(Stored data)
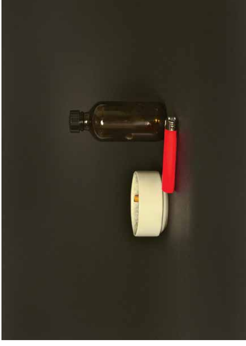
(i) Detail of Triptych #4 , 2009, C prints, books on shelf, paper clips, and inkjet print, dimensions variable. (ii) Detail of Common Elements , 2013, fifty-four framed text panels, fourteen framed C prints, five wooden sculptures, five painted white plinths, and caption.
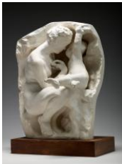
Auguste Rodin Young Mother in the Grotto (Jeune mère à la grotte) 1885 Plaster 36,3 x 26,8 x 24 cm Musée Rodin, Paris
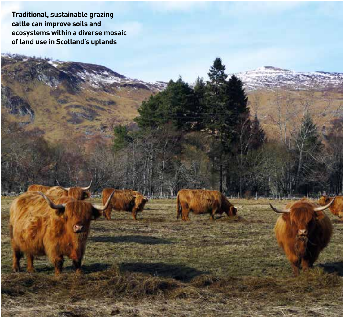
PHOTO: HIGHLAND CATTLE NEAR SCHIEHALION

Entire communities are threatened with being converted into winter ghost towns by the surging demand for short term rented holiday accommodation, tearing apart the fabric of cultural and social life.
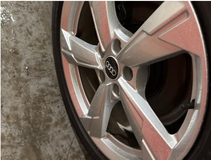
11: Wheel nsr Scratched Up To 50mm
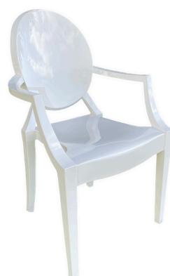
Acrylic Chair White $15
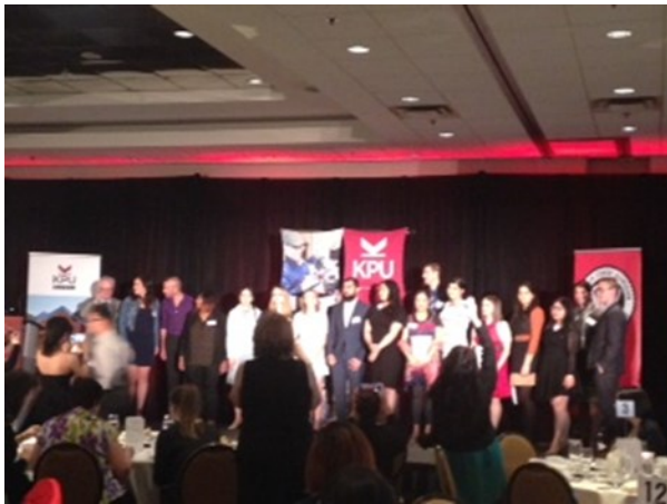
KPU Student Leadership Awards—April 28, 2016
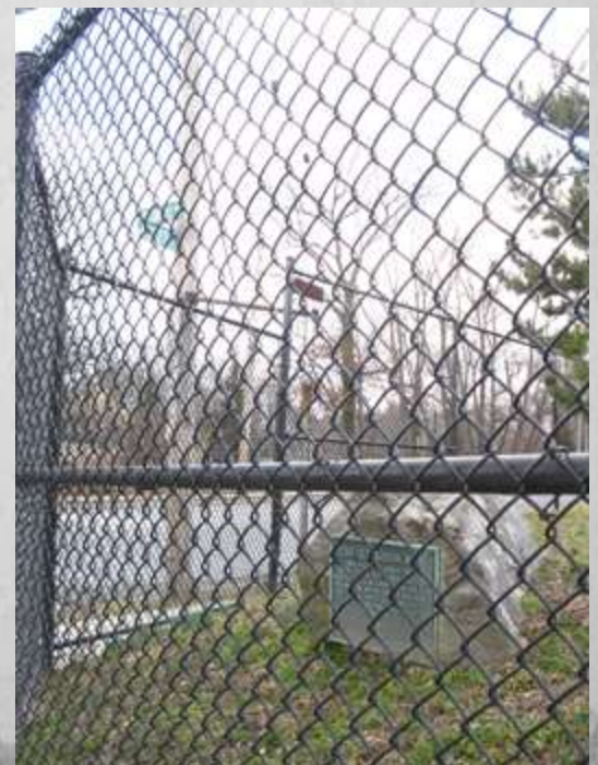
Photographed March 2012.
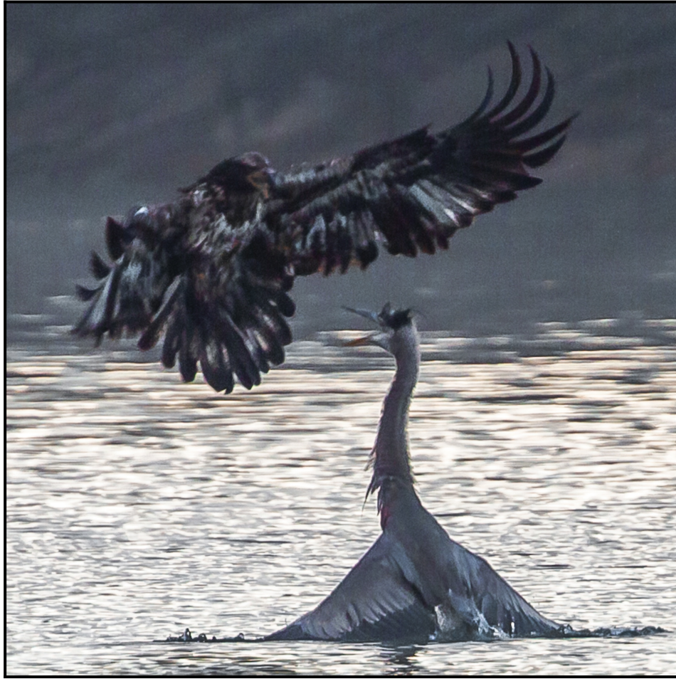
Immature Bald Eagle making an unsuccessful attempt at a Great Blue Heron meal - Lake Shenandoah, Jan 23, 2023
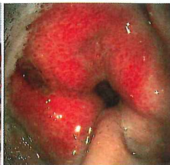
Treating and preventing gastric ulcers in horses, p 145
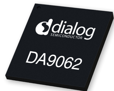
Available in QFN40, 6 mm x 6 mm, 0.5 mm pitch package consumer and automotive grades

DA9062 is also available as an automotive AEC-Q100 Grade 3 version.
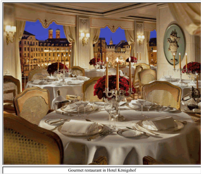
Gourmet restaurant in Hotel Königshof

EXERCISE INSTRUCTIONS
Take the line containing "Photographed March 2012." and every line after it up to the end of the entries, and quote them exactly. Both ends count; the pictures do not.

EXERCISE RESPONSE
Photographed March 2012.
Immature Bald Eagle making an unsuccessful attempt at a Great Blue Heron meal - Lake Shenandoah, Jan 23, 2023
Treating and preventing gastric ulcers in horses, p 145
Available in QFN40, 6 mm x 6 mm, 0.5 mm pitch package consumer and automotive grades

DA9062 is also available as an automotive AEC-Q100 Grade 3 version.
Gourmet restaurant in Hotel Königshof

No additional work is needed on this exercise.